* PROBLEM REQUIREMENTS
Shown below is a listing with pictures; reproduce exactly, and only, the lines between the ones containing "Recommandation de vote pour le 8" and "万和电气:融资净偿还124.18万元,融资余额6741.54万元(11-25)", inclusive, leaving the pictures out.

* EXTRACTED DATA
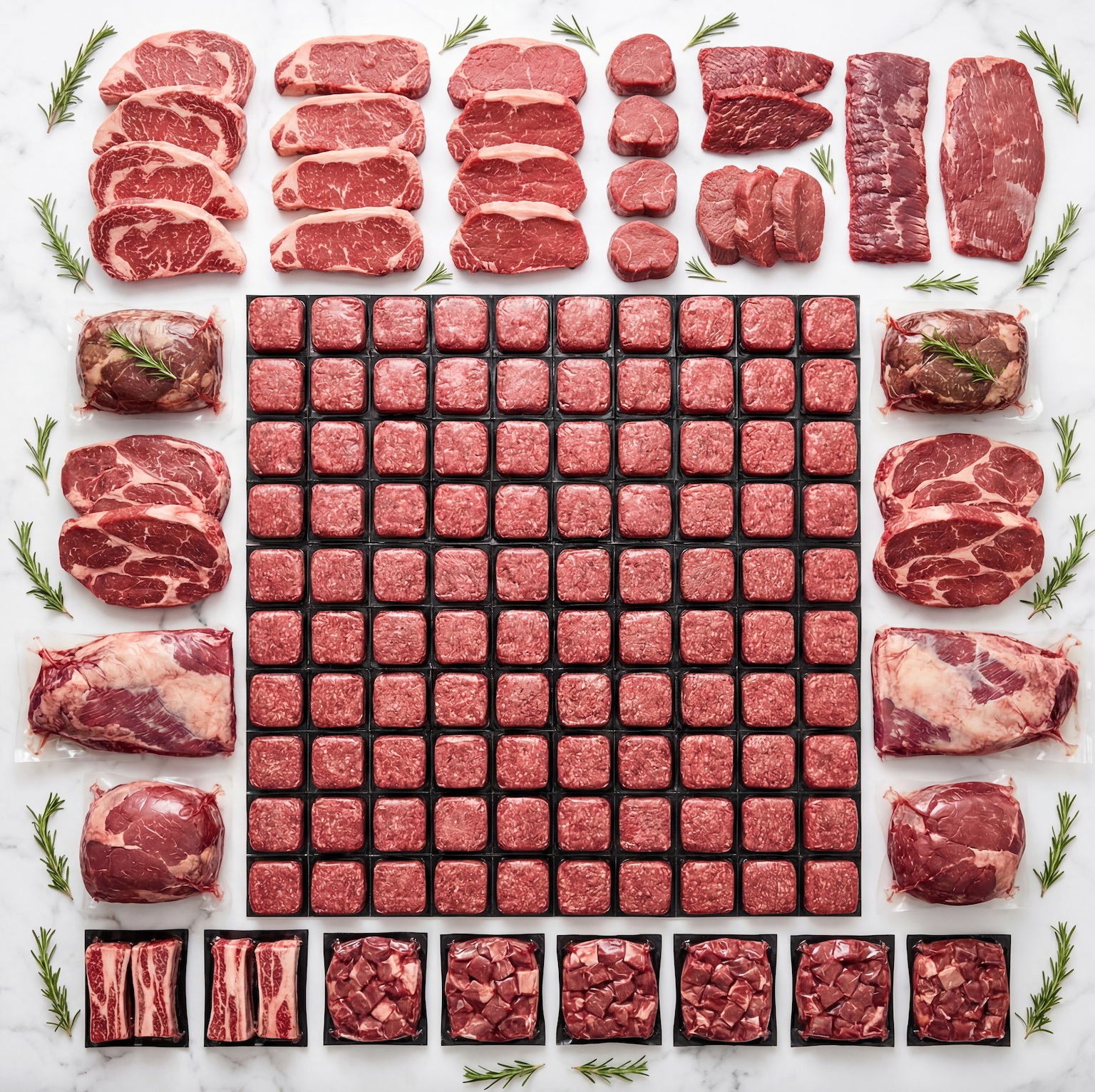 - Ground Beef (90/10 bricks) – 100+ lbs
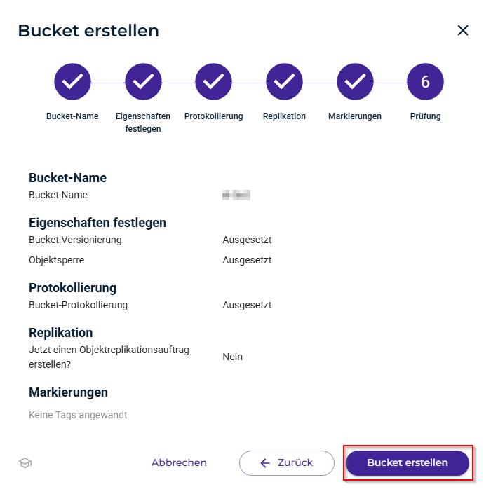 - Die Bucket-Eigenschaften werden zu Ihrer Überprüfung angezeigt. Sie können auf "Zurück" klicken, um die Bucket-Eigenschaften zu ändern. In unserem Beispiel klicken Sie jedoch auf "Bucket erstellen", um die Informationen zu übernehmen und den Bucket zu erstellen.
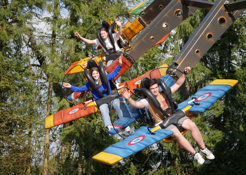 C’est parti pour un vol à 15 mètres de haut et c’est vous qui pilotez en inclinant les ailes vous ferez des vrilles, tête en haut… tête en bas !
---
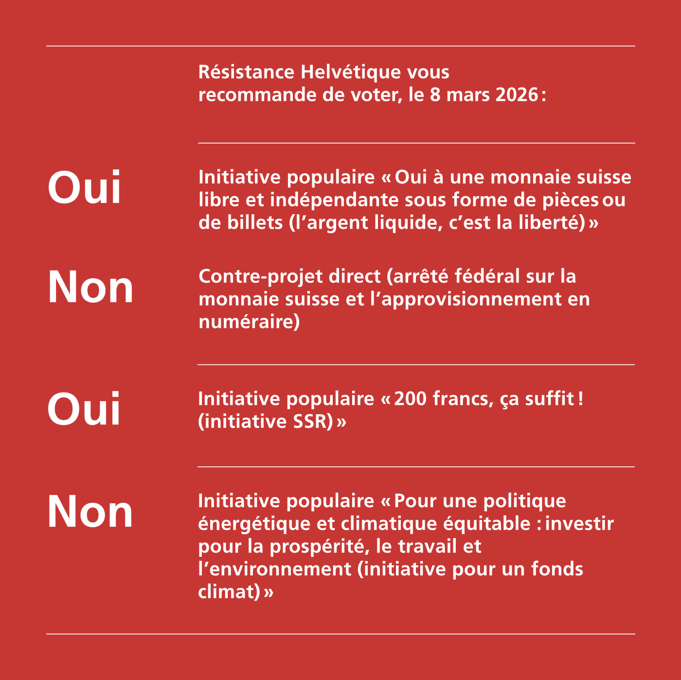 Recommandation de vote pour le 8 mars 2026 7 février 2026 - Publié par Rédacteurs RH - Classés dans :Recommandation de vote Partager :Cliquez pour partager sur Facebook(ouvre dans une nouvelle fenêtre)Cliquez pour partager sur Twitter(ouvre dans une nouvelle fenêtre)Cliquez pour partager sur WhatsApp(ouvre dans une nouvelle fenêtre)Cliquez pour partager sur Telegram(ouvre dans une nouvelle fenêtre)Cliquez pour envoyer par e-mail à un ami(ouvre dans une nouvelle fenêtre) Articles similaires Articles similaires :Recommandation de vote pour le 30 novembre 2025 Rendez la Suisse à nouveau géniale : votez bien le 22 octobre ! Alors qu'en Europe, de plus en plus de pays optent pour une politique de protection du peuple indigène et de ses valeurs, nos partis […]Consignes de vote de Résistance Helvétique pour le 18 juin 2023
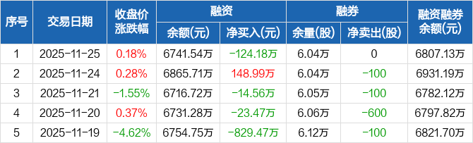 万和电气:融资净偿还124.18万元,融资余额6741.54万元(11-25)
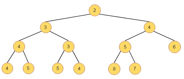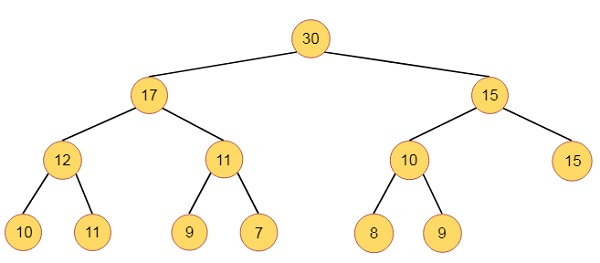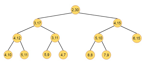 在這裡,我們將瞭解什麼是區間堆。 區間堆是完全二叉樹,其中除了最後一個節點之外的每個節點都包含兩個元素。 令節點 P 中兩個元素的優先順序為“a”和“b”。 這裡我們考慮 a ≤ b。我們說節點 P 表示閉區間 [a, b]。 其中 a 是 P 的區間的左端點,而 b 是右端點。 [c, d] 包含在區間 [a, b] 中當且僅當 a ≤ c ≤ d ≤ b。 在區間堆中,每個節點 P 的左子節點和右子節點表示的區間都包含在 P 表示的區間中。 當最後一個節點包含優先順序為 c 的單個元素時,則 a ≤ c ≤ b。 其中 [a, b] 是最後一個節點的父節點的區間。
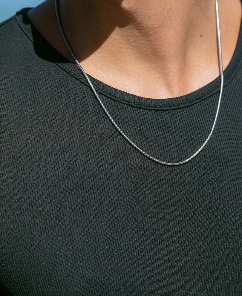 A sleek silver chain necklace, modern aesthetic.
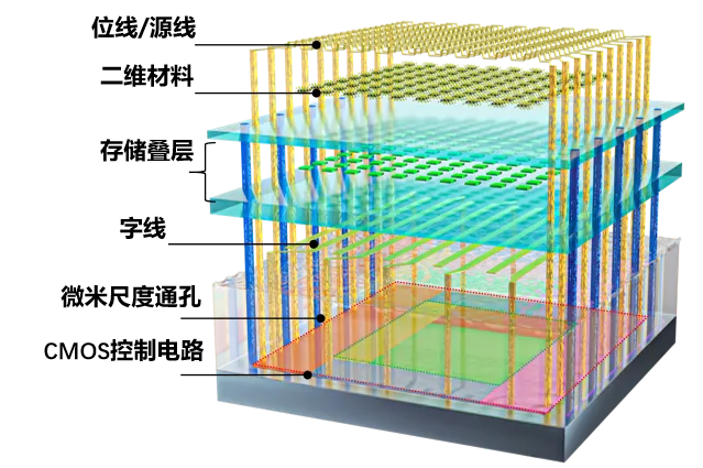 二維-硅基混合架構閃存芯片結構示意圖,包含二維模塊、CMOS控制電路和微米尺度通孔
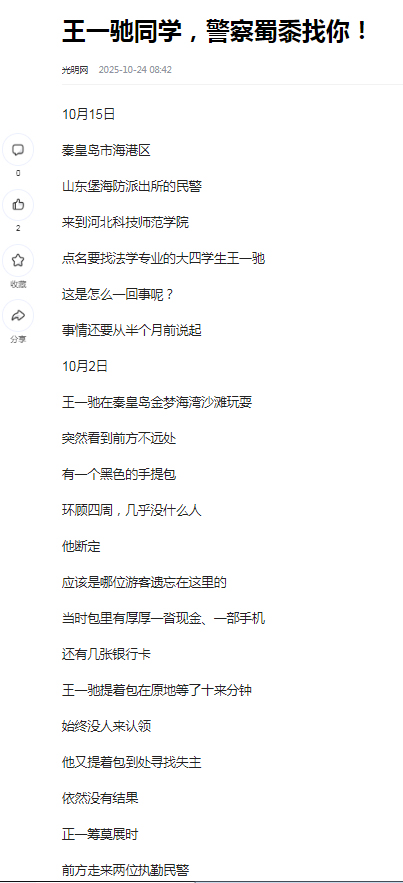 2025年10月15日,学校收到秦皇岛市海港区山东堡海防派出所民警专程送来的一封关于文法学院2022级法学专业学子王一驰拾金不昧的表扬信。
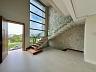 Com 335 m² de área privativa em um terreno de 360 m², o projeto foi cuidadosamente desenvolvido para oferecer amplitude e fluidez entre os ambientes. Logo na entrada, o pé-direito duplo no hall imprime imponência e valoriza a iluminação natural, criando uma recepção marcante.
---
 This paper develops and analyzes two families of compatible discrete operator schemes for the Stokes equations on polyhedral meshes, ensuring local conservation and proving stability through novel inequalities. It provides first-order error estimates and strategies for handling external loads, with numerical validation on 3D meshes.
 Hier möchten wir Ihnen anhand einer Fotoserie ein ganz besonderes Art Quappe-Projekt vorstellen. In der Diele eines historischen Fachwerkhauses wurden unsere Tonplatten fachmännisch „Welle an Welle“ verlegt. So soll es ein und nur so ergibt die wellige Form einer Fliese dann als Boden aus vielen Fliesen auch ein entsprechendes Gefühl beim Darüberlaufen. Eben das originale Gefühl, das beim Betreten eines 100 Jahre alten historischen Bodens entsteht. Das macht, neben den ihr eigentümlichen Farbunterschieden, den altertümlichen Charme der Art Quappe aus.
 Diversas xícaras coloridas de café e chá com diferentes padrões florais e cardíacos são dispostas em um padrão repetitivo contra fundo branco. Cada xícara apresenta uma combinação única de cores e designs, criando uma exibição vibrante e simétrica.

* ANSWER TO THIS PROBLEM
 Recommandation de vote pour le 8 mars 2026 7 février 2026 - Publié par Rédacteurs RH - Classés dans :Recommandation de vote Partager :Cliquez pour partager sur Facebook(ouvre dans une nouvelle fenêtre)Cliquez pour partager sur Twitter(ouvre dans une nouvelle fenêtre)Cliquez pour partager sur WhatsApp(ouvre dans une nouvelle fenêtre)Cliquez pour partager sur Telegram(ouvre dans une nouvelle fenêtre)Cliquez pour envoyer par e-mail à un ami(ouvre dans une nouvelle fenêtre) Articles similaires Articles similaires :Recommandation de vote pour le 30 novembre 2025 Rendez la Suisse à nouveau géniale : votez bien le 22 octobre ! Alors qu'en Europe, de plus en plus de pays optent pour une politique de protection du peuple indigène et de ses valeurs, nos partis […]Consignes de vote de Résistance Helvétique pour le 18 juin 2023
 万和电气:融资净偿还124.18万元,融资余额6741.54万元(11-25)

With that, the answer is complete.